Backend-native IDs only. No contract-level normalization across backends. opts.Voice = "Samantha" works for tts-say; opts.Voice = "21m00Tcm4TlvDq8ikWAM" works for tts-elevenlabs. Each backend speaks its own language.

Discovery via `Voices()`¶

vox tts voices --backend elevenlabs
# → table with ID, DisplayName, Tags, Languages, Preview

vox tts voices --backend say --tag female
# → filtered list

Default per backend¶

Each backend declares a DefaultVoice in its capabilities. When opts.Voice = "", the backend uses its default.

Reasonable defaults:

Backend	Default voice
`tts-say`	`Samantha`
`tts-piper`	First model alphabetically (depends on installed)
`tts-elevenlabs`	`Rachel`
`tts-openai`	`alloy`

Cross-backend aliases — user config, not contract¶

Users who want "same voice across backends" can define aliases above the contract:

tts:
  voice_aliases:
    house:   { tts-say: Samantha, tts-elevenlabs: Rachel, tts-piper: en_US-libritts-high }
    formal:  { tts-say: Daniel,   tts-elevenlabs: Adam,   tts-piper: en_US-ryan-high }

sinks:
  - name: speak-out
    type: tts-elevenlabs
    voice: "@house"          # resolved via voice_aliases above the contract

Backends only see backend-native strings.

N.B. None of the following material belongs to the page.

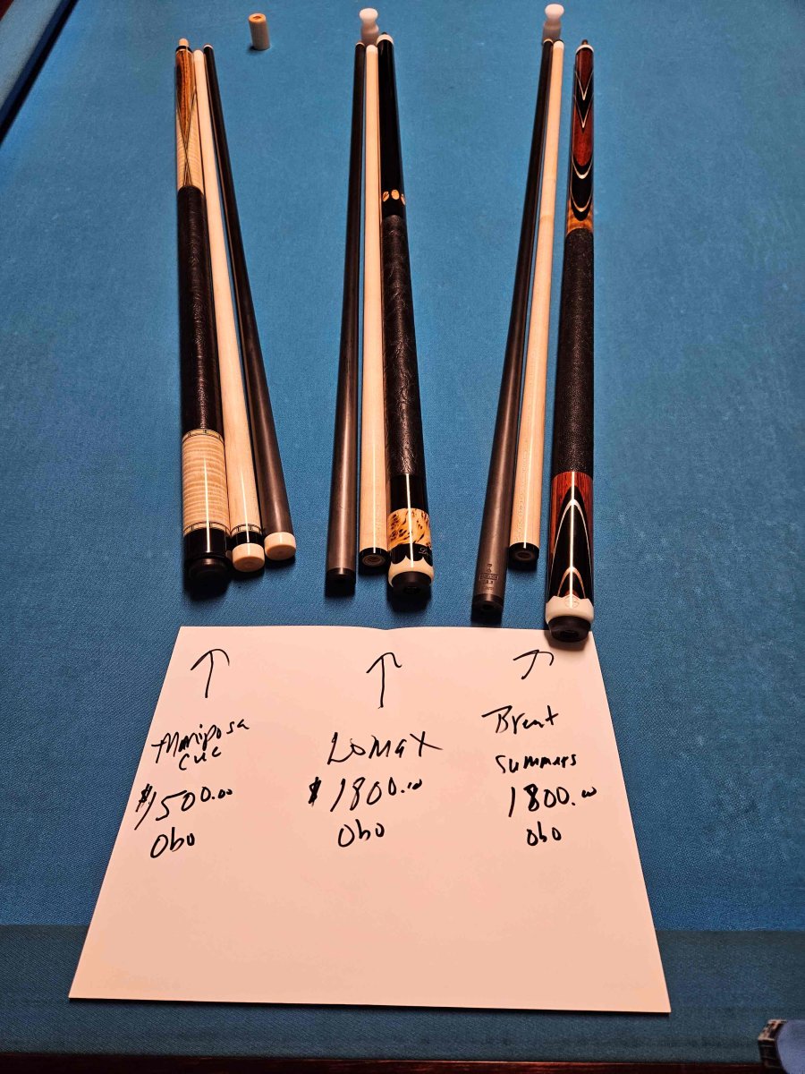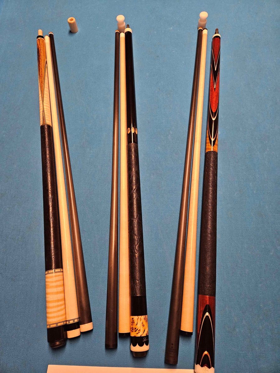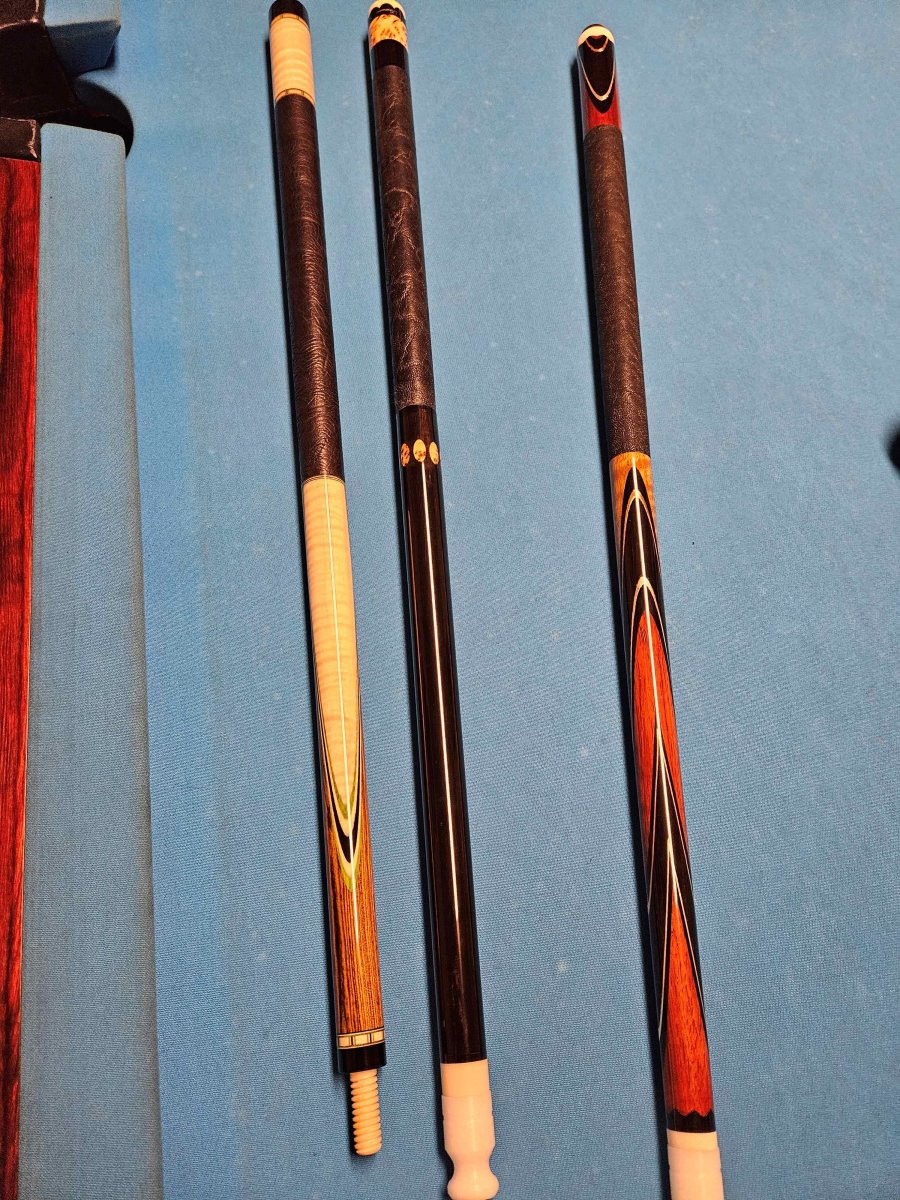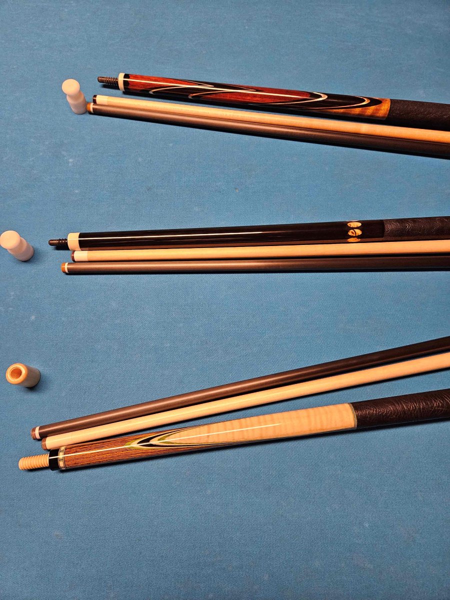 Brand new test hit Bocote and Curley cue, butt is 14.30 (adjustable) Shafts are 29 inch, the wood shaft is 3.85 and the carbon fiber shaft is 4.10

Alias resolution is orchestrator/CLI concern.

Streaming¶

For low-latency conversational mode, StreamSynthesize returns a channel of AudioChunks. The first chunk should arrive within Capabilities.StreamingLatencyMS.

Chunk encoding per chunk¶

Each chunk declares its own encoding via Encoding. Backends emit their natural format:

Backend	Streaming format
`tts-piper`	Raw f32 PCM
`tts-elevenlabs`	MP3 (default) or PCM (opt-in)
`tts-openai`	MP3, AAC, Opus per `response_format`

The audio-playback subsystem handles decoding before pushing to the audio device.

Backpressure¶

The backend writes to a bounded-buffer channel (default capacity 32 chunks ≈ 5-10s of audio at typical chunk rates). On full channel: backend blocks on send. Not drop — streaming TTS is meant for sub-second start-of-playback; if the consumer is 32 chunks behind, something is broken and blocking is the right signal.

Buffer size configurable via stream_buffer_chunks.

Slow-backend marker¶

If a backend can't keep up with playback (one chunk takes longer to generate than its audible duration), it emits a marker chunk with Custom["backend.slow"] = true so the playback layer can react — insert brief silence, swap backends, surface a warning.

Word-timing in `Custom` map¶

Some backends (ElevenLabs with_timestamps, Google Cloud TTS) emit word-level timing alongside audio. For v1 this lives in the chunk's Custom map under tts.word_timings. First-class field promotion is a v1.x decision once usage warrants.

Latency telemetry¶

When a backend exceeds its declared StreamingLatencyMS by 2×, it emits a tts.latency_exceeded event. Same pattern as asr/v1's partial-latency telemetry.

BYOK Authentication¶

Same precedence chain as asr/v1 and sink/v1 LLM:

Explicit env var (ELEVENLABS_API_KEY, OPENAI_API_KEY, etc.)
OS keychain (default; populated via vox auth set <backend>)
Config file api_key field (deprecated; warns once)
External secrets manager (future secrets/v1)

Shared credentials¶

Backends that piggyback on existing Vox-side credentials declare so:

sinks:
  - name: speak-out
    type: tts-openai
    auth:
      shares_credential_with: llm-openai     # reuse OPENAI_API_KEY from the llm-openai sink

When shares_credential_with is set, the TTS backend skips its own credential lookup and reads the resolved credential from the named sink. One credential, two surfaces.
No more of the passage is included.